We now make use of the parquet file in the period=first directory for learning to transform data. Since this file is part of partitioned data, I saved it as a separate parquet file in a different location as shown below:

You may read the partitioned parquet file also, but R and Python load it slightly differently.
library(arrow)
library(dplyr)

path_to_partitioned_first_period_file <- "D:/ngsim/posts/import/data/I80/period=first/part-0.parquet"

open_dataset(path_to_partitioned_first_period_file) |>
  dplyr::collect() |>
  arrow::write_parquet(sink = "data/i80_period1.parquet")
1
Open the part-0.parquet.
2
Load it into memory.
3
Save it as i80_period1.parquet under the data directory.
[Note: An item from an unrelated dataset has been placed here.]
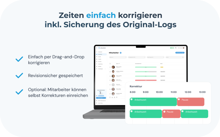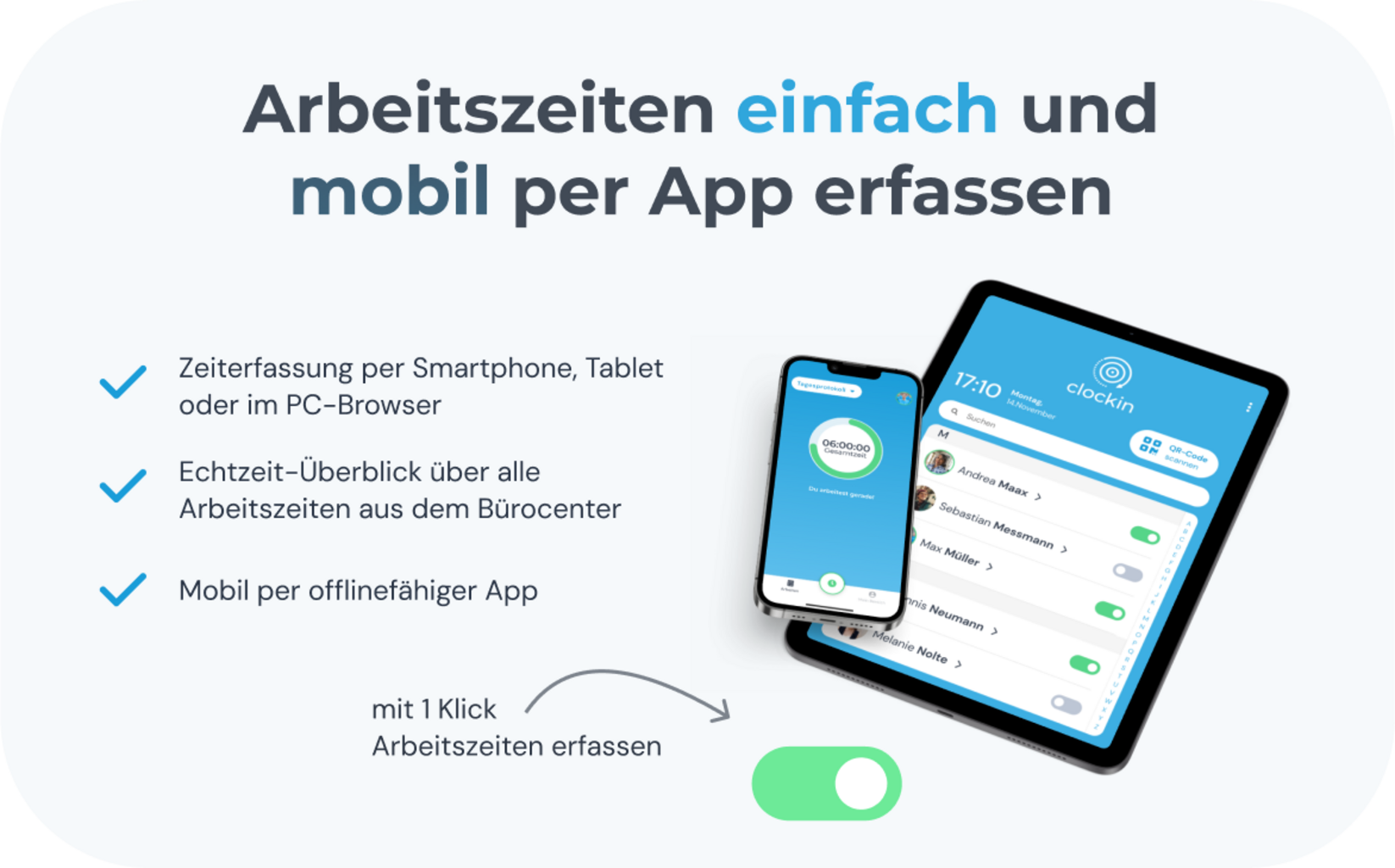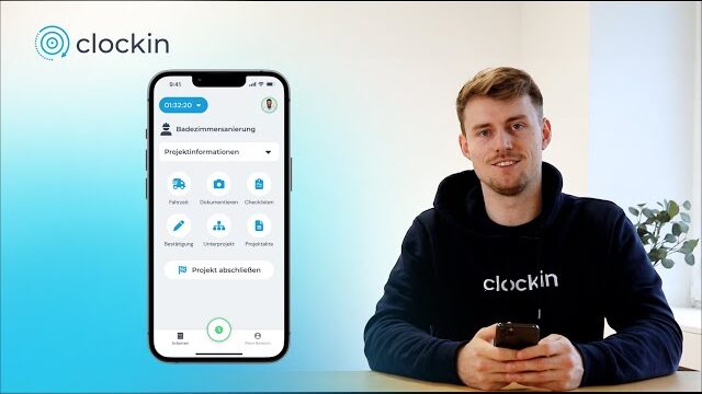 clockin ist eine App für Smartphones & Tablets, mit der Mitarbeiterinnen und Mitarbeiter ihre Arbeitszeiten einfach erfassen können. Gleichzeitig kann man Aufträge- und Projekte digital per Foto- und Notiz-Funktion dokumentieren und Skizzen anfertigen sowie Unterschriften digital einholen. In Echtzeit speichert clockin alle erfassten Informationen in digitalen Auftrags- und Projektakten ab. Nutzer haben so vom Büro aus jederzeit einen Überblick über Projektverläufe und können auf diesem Weg dank einfachem PDF-Export Leistungsnachweise für Kunden erstellen.

Now, we read the i80_period1.parquet file:

Load parquet file

Reading the parquet file requires the arrow package:

library(arrow)
library(dplyr)

path_to_first_period_file <- "data/i80_period1.parquet"
data_R <- arrow::read_parquet(file = path_to_first_period_file)

head(data_R)

Clean dataframe names

As you can see above, the column names are in good shape i.e., without any spaces. However, it is easier typing lowercase letters than the sentence case. So, we use the clean_names function from the janitor package to make all column names lowercase. If the column names have spaces or periods in them, clean_names would replace them with underscores.

library(janitor)
data_R <- janitor::clean_names(data_R) 

head(data_R)

How to create a time column?

Since vehicle trajectories change over time, it is nice to see these changes over different time periods. However, the gloabl_time column in this dataset contains integers rather than the actual time. So, we create a new column called actual_time by dividing the global_time by 1000 and converting it to a datetime object.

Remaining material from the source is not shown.